Comparative analysis of HTLV-I promoter activities reveals no disease-linked pattern of expression.

作者信息

Gonzalez-Dunia D, Komurian-Pradel F, Chirinian-Syan S, De The G, Brahic M, Ozden S

机构信息

Département des Rétrovirus, UA Centre National de Recherche Scientifique (CNRS) 1157, Institut Pasteur, Paris, France.

出版信息

AIDS Res Hum Retroviruses. 1993 Apr;9(4):337-41. doi: 10.1089/aid.1993.9.337.

Abstract

To investigate the possibility of an association between the type of pathology caused by HTLV-I and the activity of its promoter, we compared the levels of transcription obtained with six LTRs isolated from patients with two different HTLV-I-related diseases: ATL and TSP/HAM. The patients came from different geographical endemic areas.

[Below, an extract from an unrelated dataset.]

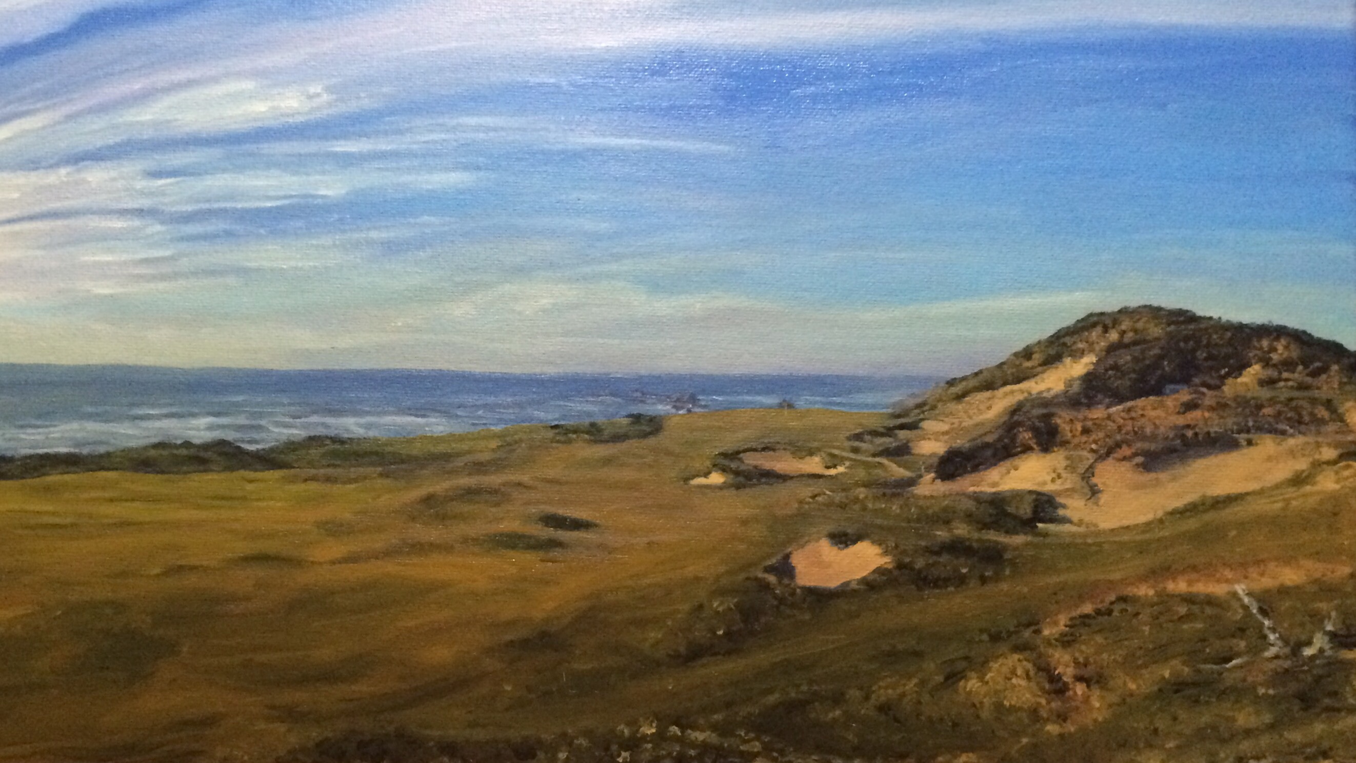 Pacific Dune Hole 13 Finished June 15, 2015 • jrbgolfs Completed this 10×20 inch oil on canvas. Love this course and architect, Tom Doak. He makes brilliant use of landforms and his routings are always a joy to play. Hope you enjoy this majestic spot by the sea. Share this: Click to share on Facebook (Opens in new window) Facebook Like Loading...

The LTR region was amplified by polymerase chain reaction (PCR) from the DNA of uncultured peripheral blood lymphocytes, and directly cloned upstream of the luciferase reporter gene. Constructs were tested by a transient transfection assay in a variety of cell lines. Although the activities of these LTRs were statistically different in some of the cell lines tested, no correlation could be demonstrated between the promoter activity and the nature of the disease. Thus, the data suggest that the LTR is not a major determinant of the nature of the disease associated with the infection by HTLV-I.

摘要

为了研究人类嗜T淋巴细胞病毒I型(HTLV-I)所致病理类型与其启动子活性之间存在关联的可能性,我们比较了从患有两种不同HTLV-I相关疾病(成人T细胞白血病/淋巴瘤(ATL)和热带痉挛性截瘫/HTLV-I相关脊髓病(TSP/HAM))的患者中分离出的六个长末端重复序列(LTR)的转录水平。这些患者来自不同的地理流行区。通过聚合酶链反应(PCR)从未培养的外周血淋巴细胞DNA中扩增LTR区域,并直接克隆到荧光素酶报告基因的上游。通过瞬时转染试验在多种细胞系中对构建体进行检测。尽管在一些测试的细胞系中这些LTR的活性存在统计学差异,但启动子活性与疾病性质之间未显示出相关性。因此,数据表明LTR不是与HTLV-I感染相关疾病性质的主要决定因素。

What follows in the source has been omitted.